(Records excerpted from a collection)
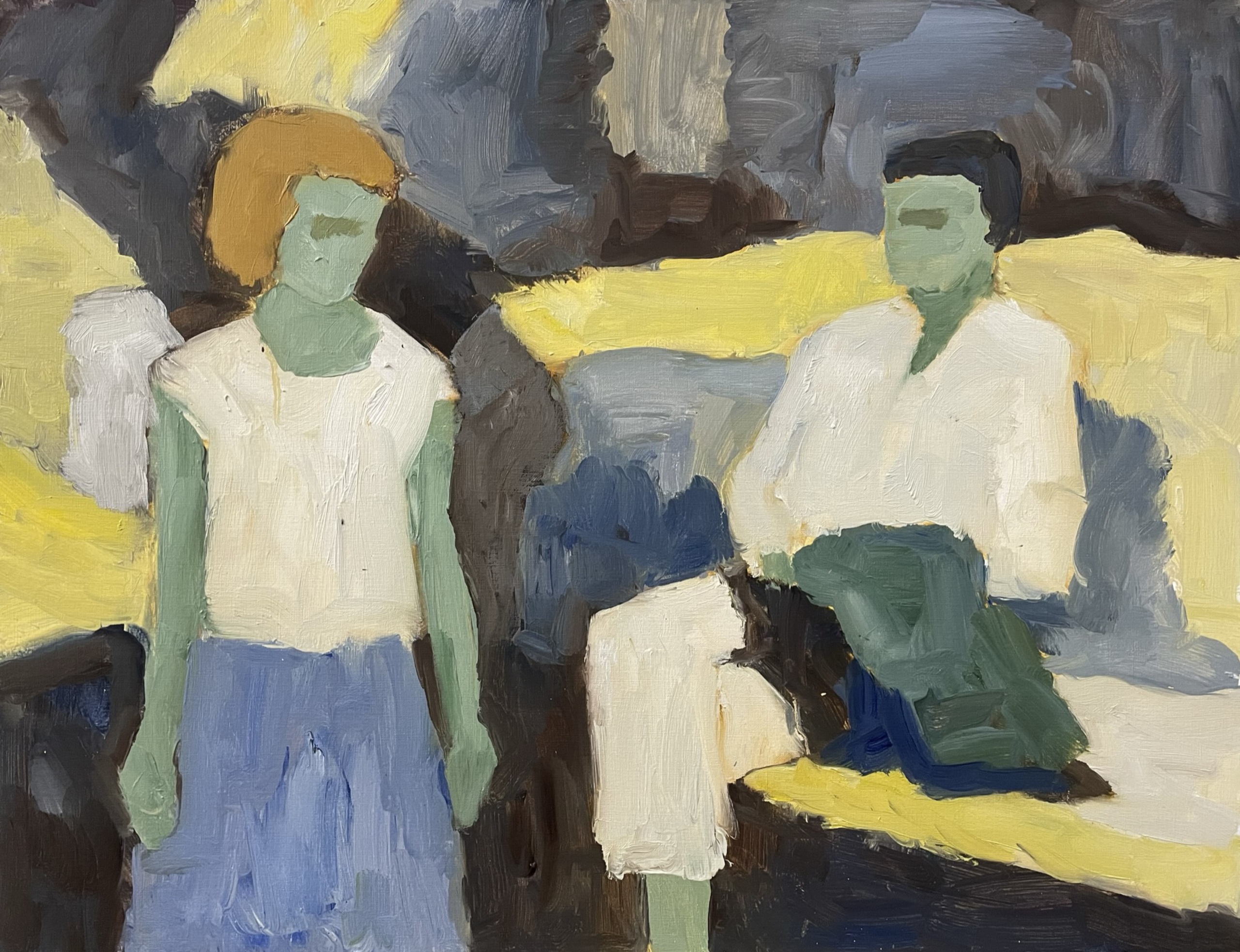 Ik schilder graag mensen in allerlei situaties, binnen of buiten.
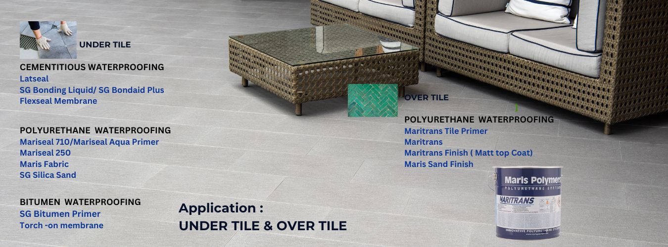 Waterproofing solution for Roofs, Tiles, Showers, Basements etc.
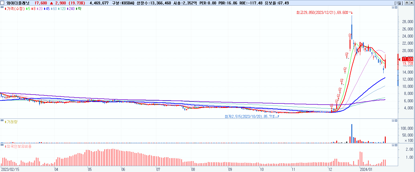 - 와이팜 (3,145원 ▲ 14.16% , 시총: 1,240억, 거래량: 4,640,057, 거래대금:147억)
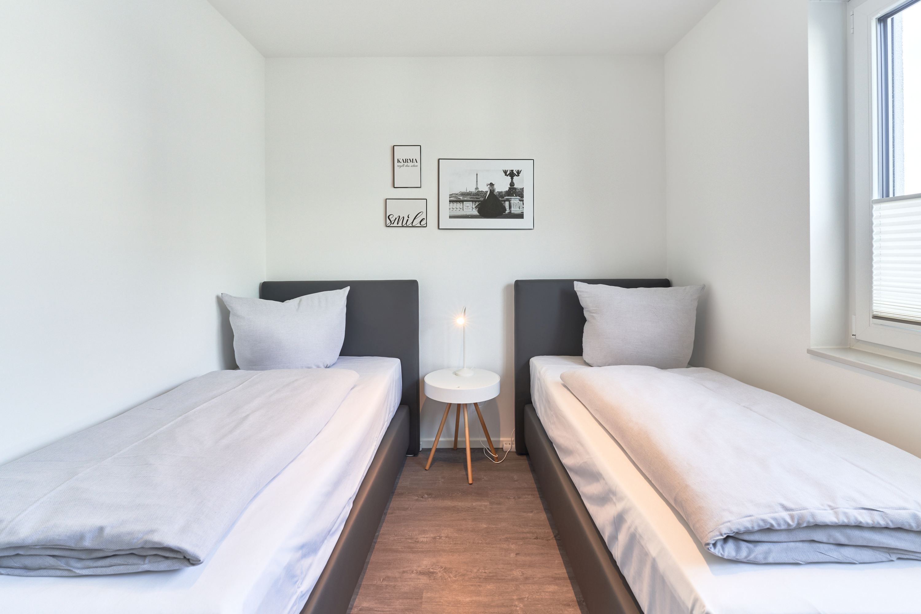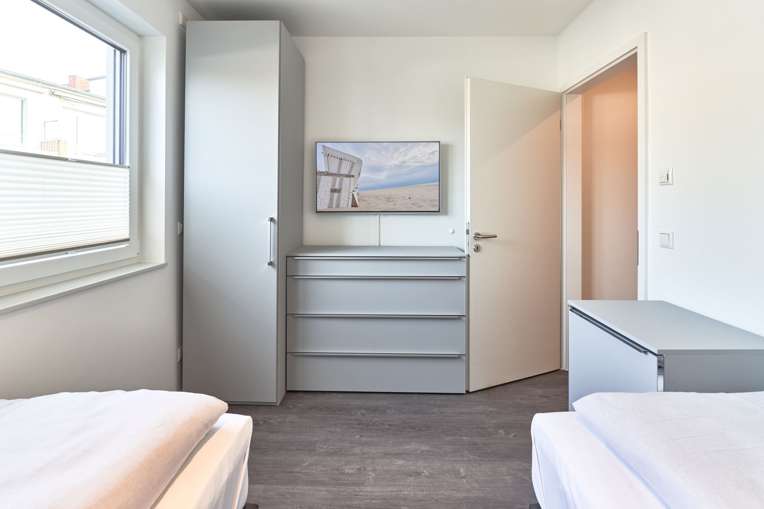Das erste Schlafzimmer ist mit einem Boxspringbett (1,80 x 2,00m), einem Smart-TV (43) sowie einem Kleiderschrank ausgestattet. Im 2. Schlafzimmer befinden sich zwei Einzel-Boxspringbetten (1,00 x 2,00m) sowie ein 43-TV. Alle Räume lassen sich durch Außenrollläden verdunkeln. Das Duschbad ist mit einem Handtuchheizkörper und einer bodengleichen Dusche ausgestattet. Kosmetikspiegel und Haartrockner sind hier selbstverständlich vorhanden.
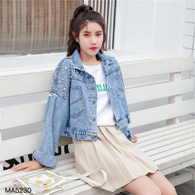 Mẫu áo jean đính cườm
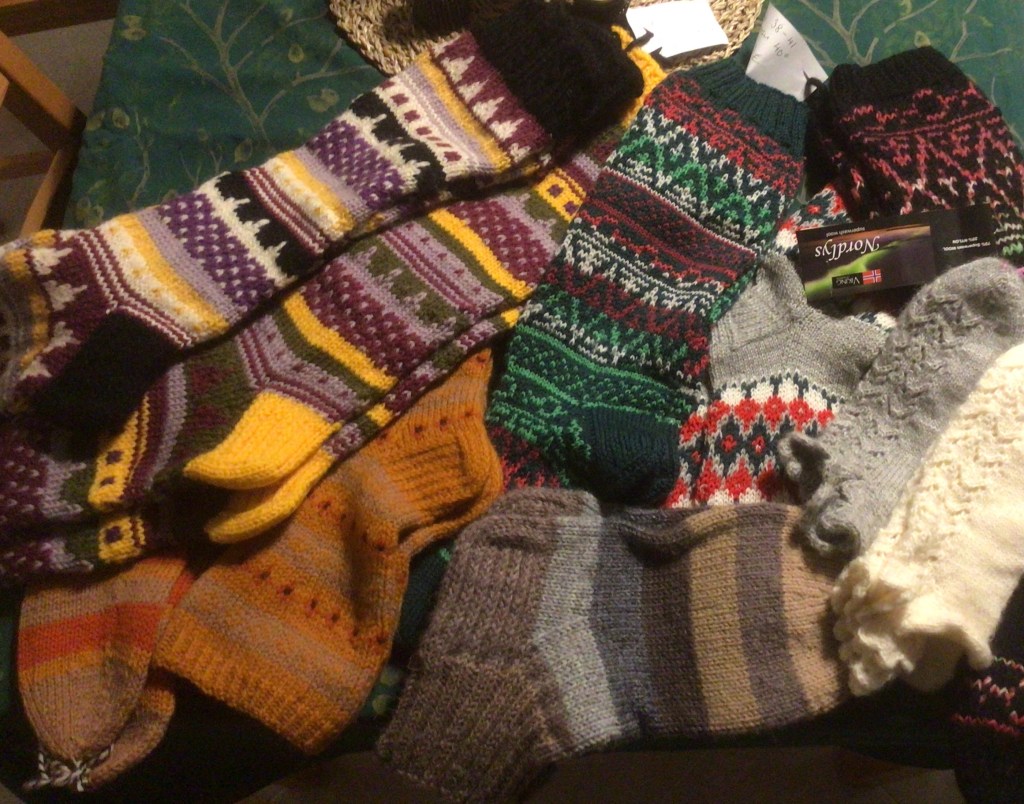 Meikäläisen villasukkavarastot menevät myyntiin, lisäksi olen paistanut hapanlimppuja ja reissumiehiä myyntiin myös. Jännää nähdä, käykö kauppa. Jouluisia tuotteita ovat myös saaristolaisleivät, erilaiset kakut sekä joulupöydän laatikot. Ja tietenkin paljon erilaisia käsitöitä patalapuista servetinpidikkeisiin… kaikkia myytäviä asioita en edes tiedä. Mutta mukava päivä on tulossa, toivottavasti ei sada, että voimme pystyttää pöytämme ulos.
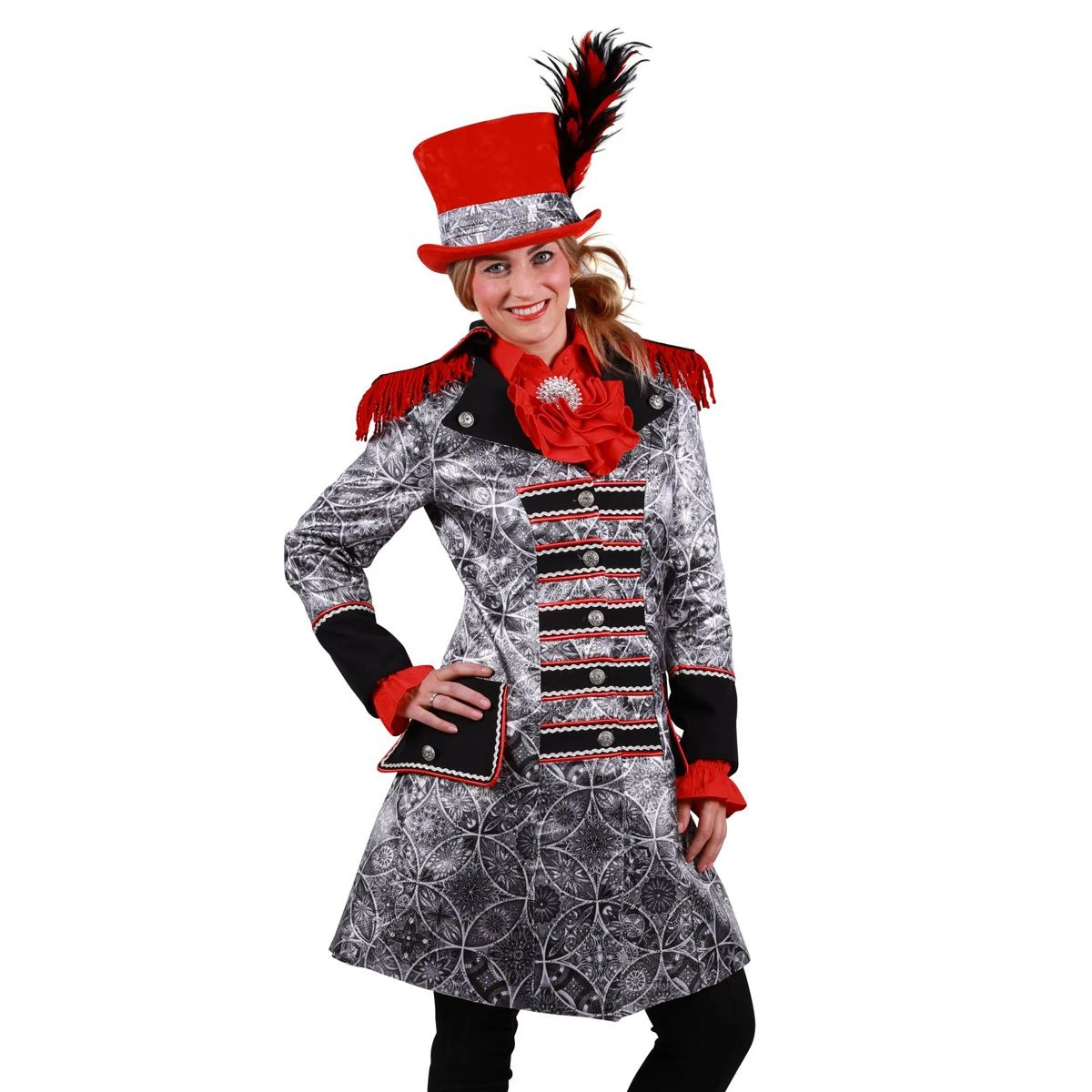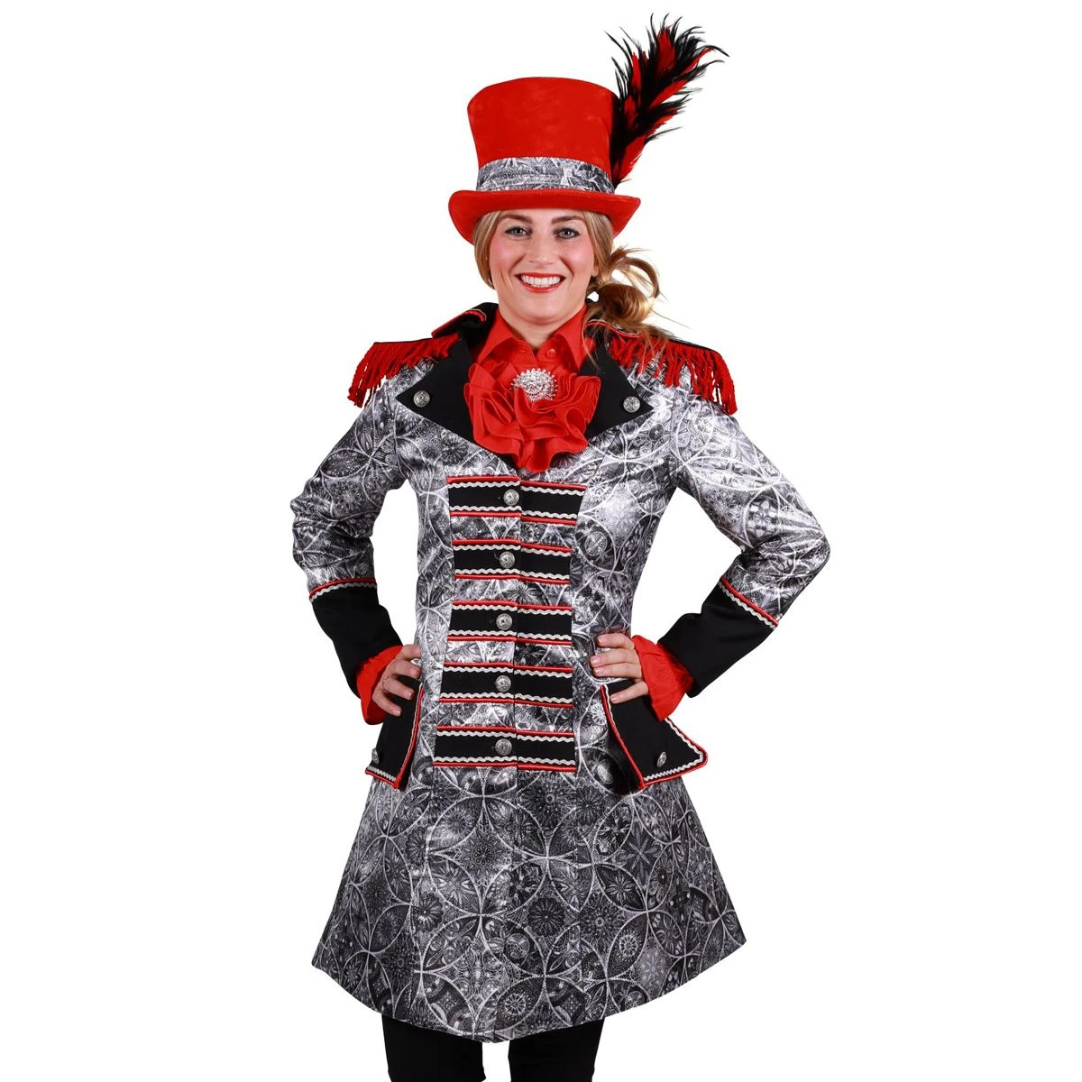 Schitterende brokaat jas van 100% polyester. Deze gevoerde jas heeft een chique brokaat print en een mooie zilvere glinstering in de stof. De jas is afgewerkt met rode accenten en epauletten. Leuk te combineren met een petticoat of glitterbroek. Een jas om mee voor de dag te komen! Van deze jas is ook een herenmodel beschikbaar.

**Exercise prompt**
Please output all of the entries exactly as they appear, with no pictures.

**Result**
 Ik schilder graag mensen in allerlei situaties, binnen of buiten.
 Waterproofing solution for Roofs, Tiles, Showers, Basements etc.
 - 와이팜 (3,145원 ▲ 14.16% , 시총: 1,240억, 거래량: 4,640,057, 거래대금:147억)
Das erste Schlafzimmer ist mit einem Boxspringbett (1,80 x 2,00m), einem Smart-TV (43) sowie einem Kleiderschrank ausgestattet. Im 2. Schlafzimmer befinden sich zwei Einzel-Boxspringbetten (1,00 x 2,00m) sowie ein 43-TV. Alle Räume lassen sich durch Außenrollläden verdunkeln. Das Duschbad ist mit einem Handtuchheizkörper und einer bodengleichen Dusche ausgestattet. Kosmetikspiegel und Haartrockner sind hier selbstverständlich vorhanden.
 Mẫu áo jean đính cườm
 Meikäläisen villasukkavarastot menevät myyntiin, lisäksi olen paistanut hapanlimppuja ja reissumiehiä myyntiin myös. Jännää nähdä, käykö kauppa. Jouluisia tuotteita ovat myös saaristolaisleivät, erilaiset kakut sekä joulupöydän laatikot. Ja tietenkin paljon erilaisia käsitöitä patalapuista servetinpidikkeisiin… kaikkia myytäviä asioita en edes tiedä. Mutta mukava päivä on tulossa, toivottavasti ei sada, että voimme pystyttää pöytämme ulos.
 Schitterende brokaat jas van 100% polyester. Deze gevoerde jas heeft een chique brokaat print en een mooie zilvere glinstering in de stof. De jas is afgewerkt met rode accenten en epauletten. Leuk te combineren met een petticoat of glitterbroek. Een jas om mee voor de dag te komen! Van deze jas is ook een herenmodel beschikbaar.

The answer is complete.